Linear-time suffix array construction

These are some notes about linear time suffix array (SA) construction algorithms (SACA’s).

History of suffix array construction algorithms:

  • 1990 first algorithm: Manber and Myers (1993)
  • 2002 small/large suffixes, explained below: Ko and Aluru (2005)
  • 2009 recursion only on LMS suffixes: Nong, Zhang, and Chan (2009)

These slides from Stanford are a nice reference for the last algorithm.

Notation

  • String \(S = s_0\dots s_{n-1}s_n\).
  • $s_n=\$$ is the sentinel, smaller than all other characters.
  • Suffix from \(i\): \(S_i := s_i\dots s_n\).
  • \(i\) indexes the string \(S\).
  • \(j\) indexes the suffix array \(A\).
  • Let \(P_i\) be the position of suffix \(S_i\) in the suffix array.
    • \(A_{P_i} = i\) and \(P_{A_j}=j\) by definition.
  • The previous-suffix and next-suffix of \(S_i\) are \(S_{i-1}\) and \(S_{i+1}\) respectively.

Small and Large suffixes

  • Suffix \(S_i\) is small (S-suffix) when \(S_i < S_{i+1}\). \(S_n\) is small by definition.
  • Suffix \(S_i\) is large (L-suffix) when \(S_i > S_{i+1}\).
  • Equality isn’t possible because of the sentinel.

Then by definition:

  • when \(S_i\) is small: \(P_i < P_{i+1}\), ie S-suffixes come before their next-suffix.
  • when \(S_i\) is large: \(P_i > P_{i+1}\), ie L-suffixes come after their next-suffix.

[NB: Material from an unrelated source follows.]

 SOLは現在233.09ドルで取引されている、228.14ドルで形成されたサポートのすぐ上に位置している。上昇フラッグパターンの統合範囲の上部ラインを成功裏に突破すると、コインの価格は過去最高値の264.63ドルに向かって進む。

Lemma 1: When an S-suffix and L-suffix start with the same character \(c\), the L-suffix comes before the S-suffix in the suffix array.

Proof:

  • The S-suffix is of the form $c^x d …$, with \(d>c\) and \(x>0\).
  • The L-suffix is of the form $c^y b …$, with \(b<c\) and \(y>0\).
  • Since \(b<c<d\), no matter what \(x\) and \(y\) are, the L-suffix is less than the S-suffix.

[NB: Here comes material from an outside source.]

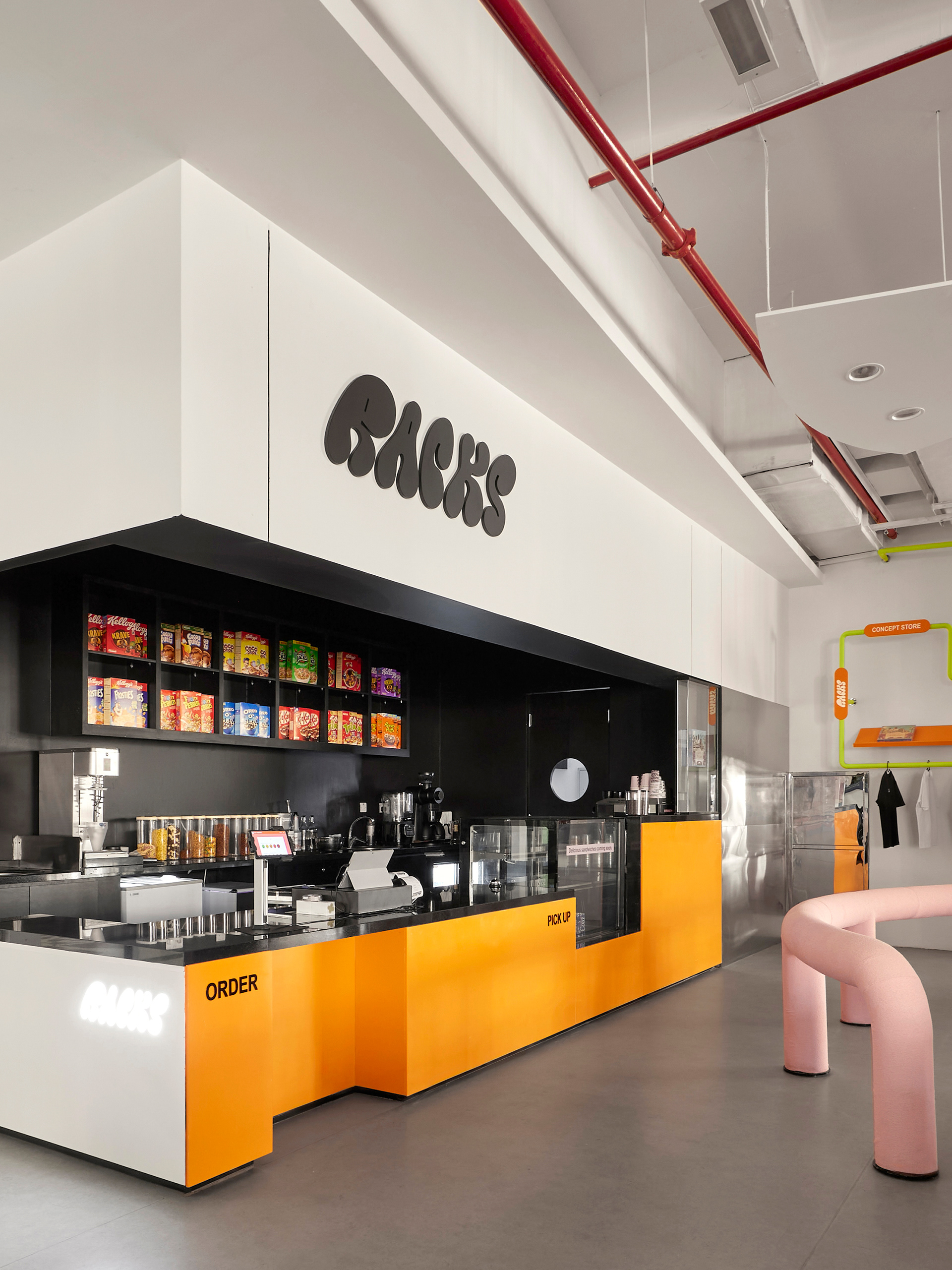 Racks is an unconventional board game café located in Sharjah. The core concept of Racks is to create a space where people can enjoy board games in a stylish and thoughtfully designed environment. The café stands out for its unique design, which is based on gamification and interaction with the space, making it attractive to both younger and older generations.

Building the suffix array from a smaller one

It turns out we can build the SA of \(S\) once we know the SA-order of all small suffixes.

Lemma 2: The set of L-suffixes $\{S_i : s_i =c \text{ and $S_i$ is large }\}$ starting with the same character \(c\) occurs in the same order in the SA as the corresponding next-suffixes \(S_{i+1}\).

Proof: This follows simply from the fact that a set of strings starting with \(c\) can be sorted by only comparing them from the second character onward.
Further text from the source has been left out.